Le port de Tianjin est l’un des ports les plus exploités du monde. Dans l’attente d’un retour à la normale, les constructeurs utilisent d’autres ports pour «ajuster les livraisons aux concessionnaires des voitures importées et ainsi minimiser l’impact pour les clients». Ainsi, le port de Shanghaï est pris d’assaut par les opérateurs avec une augmentation du transit habituel de plus de 20%.

Veolia a la rescousse

Le groupe français Veolia conclut de nouveaux marchés pour traiter une centaine de tonnes d’eaux usées à Tianjin. Les autorités chinoises craignent une contamination chimique après les puissantes explosions de mercredi soir dans l’entrepôt où étaient stockées 700 tonnes de cyanure de sodium. Le leader mondial du secteur est très présent dans cette métropole portuaire du nord de la Chine, où il fournit par ailleurs plusieurs millions d’habitants en eau potable.
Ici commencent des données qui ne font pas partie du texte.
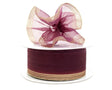 A rich burgundy organza pull bow ribbon with gold trim, perfect for adding a warm and elegant touch to your gifts and décor.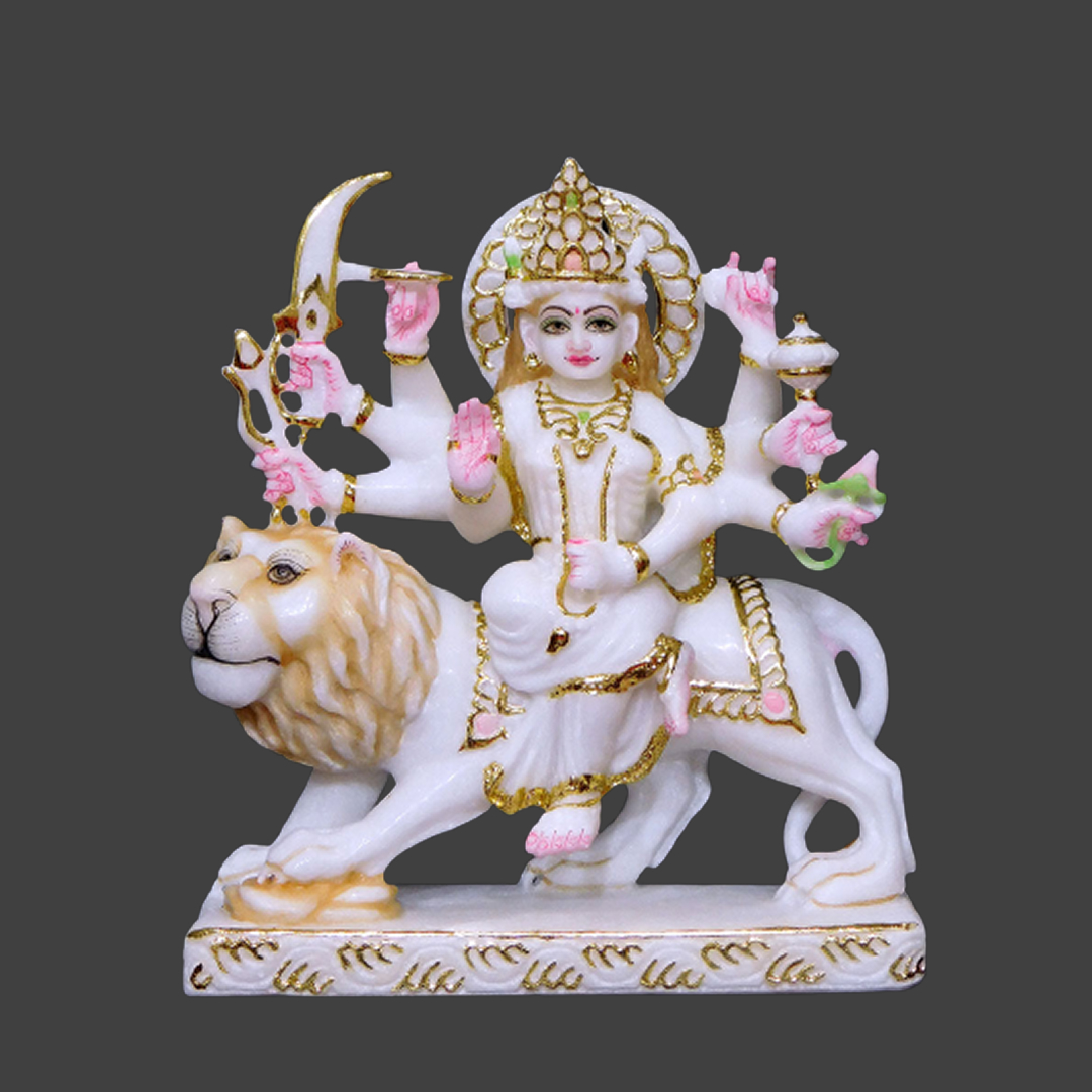 This Maa Durga Marble Statue radiates divine power and eternal grace, intricately crafted from pure Makrana marble. Depicted majestically, Maa Durga is seated upon a lion, adorned with eight hands that symbolize strength and protection. The golden detailing enhances its aura of opulence, making it a spiritual masterpiece that exudes energy and reverence.

La note devrait être particulièrement salée pour les assureurs. Le coût des préjudices causés par les deux énormes explosions pourrait s’élever à 1,5 milliard de dollars, soit près de 1,3 milliard d’euros. C’est en tout cas ce qu’estiment les analystes de Crédit Suisse sur base des premières estimations fournies par les médias chinois.
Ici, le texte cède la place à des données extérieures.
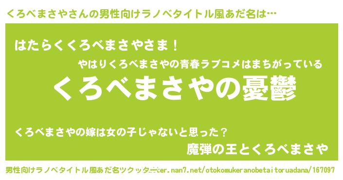 | 胡散臭い通販商品みたいなあだ名 | 『必ず成功する霊験あらたかなお札…その名も「くろべまさや」』 |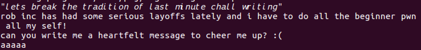 puts("rob inc has had some serious layoffs lately and i have to do all the beginner pwn all my self!");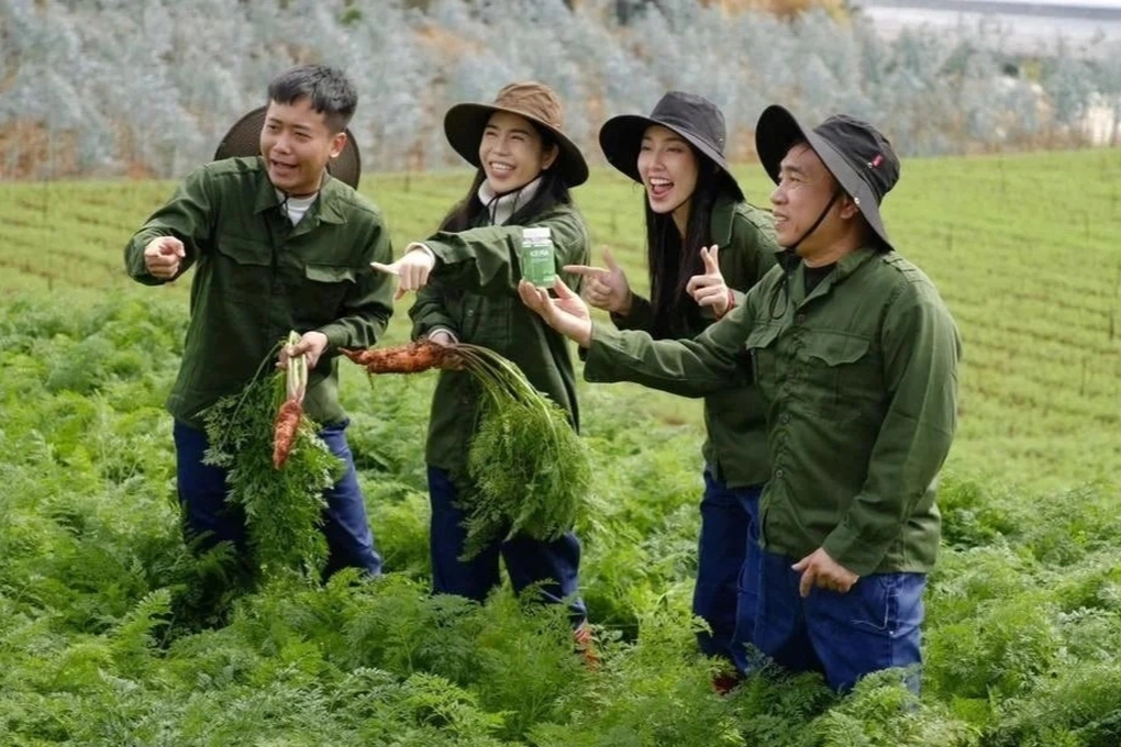 Quang Linh, Hằng "Du mục" và Thùy Tiên khi quay quảng cáo cho kẹo Kera (Ảnh: K.R.).
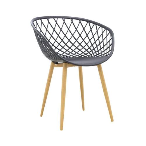 Uma cadeira versátil, perfeita para vários ambientes : desde a mesa de jantar, ao aconchego do quarto. Cadeira com assento em PP, com braços e encosto. Possui base fixa em metal adesivado com textura em madeira.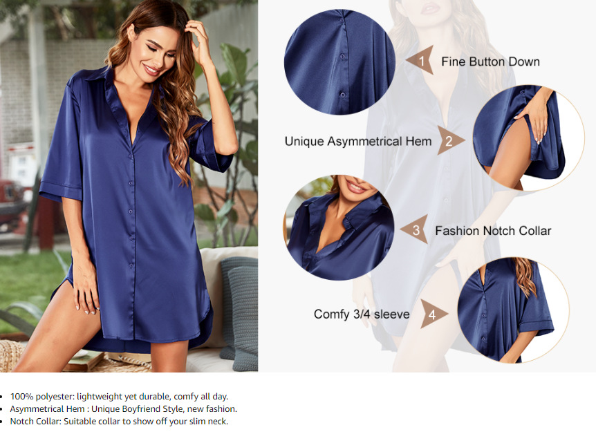 Verano sexy dulce delgada estilo novio Camisa larga homewear primavera y otoño pijamas privados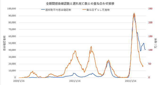 この死亡遅れ日差を進めて感染確認者数推移と重ねて描いたのが下のグラフである。

Sous pression, les autorités chinoises exhortent les institutions financières de participer aux efforts après les explosions qui se sont produites à Tianjin la semaine dernière. Il est aussi demandé aux compagnies d’assurance de mettre en place un service spécial pour accueillir les réclamations des sociétés touchées de près ou de loin par la catastrophe. L’organisme de réglementation de l’État, la China Securities Regulatory Commission, demande notamment à la Banque pour le développement de la Chine de subvenir aux besoins des entreprises avec des prêts d’urgence.

 

 


PHOTOS AÉRIENNES DU DÉSASTRE

Photos prises d'un drone.

Photos prises d’un drone.

 

Photo 2

Photo 2

 

Photo 3

Photo 3

 

Photo 4

Photo 4

 


L’INFLUENCE SUR LES MARCHÉS FINANCIERS

Une monnaie en chute libre qui annonce une crise majeure

Une monnaie en chute libre qui annonce une crise majeure

 

1-Une triple dévaluation de la monnaie chinoise

La triple dévaluation du yuan la semaine dernière est un mauvais signal pour les secteurs du luxe et du tourisme en France, déjà affectés par la politique anticorruption de Pékin, estiment des analystes interrogés par l’AFP.
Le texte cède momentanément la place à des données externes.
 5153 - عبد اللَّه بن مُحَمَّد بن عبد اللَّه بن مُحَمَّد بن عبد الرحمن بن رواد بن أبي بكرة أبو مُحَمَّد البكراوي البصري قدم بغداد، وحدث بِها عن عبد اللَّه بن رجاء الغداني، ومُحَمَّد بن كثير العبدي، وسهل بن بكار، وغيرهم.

2-Prudence et méfiance des investisseurs

Les investisseurs mondiaux restent prudents comme en témoigne la proportion de cash toujours conséquente au sein de leur portefeuille. Selon la dernière enquête « BofA Merrill Lynch Fund Manager Survey » du mois d’août, cette part est néanmoins descendue à 5,2% après avoir atteint son plus haut niveau depuis décembre 2008 le mois précédent (5,5%). Seuls 53% des gérants interrogés anticipent un renforcement de la croissance mondiale sur les 12 prochains moins alors que la récession chinoise est désormais vue comme le risque principal pesant sur l’économie.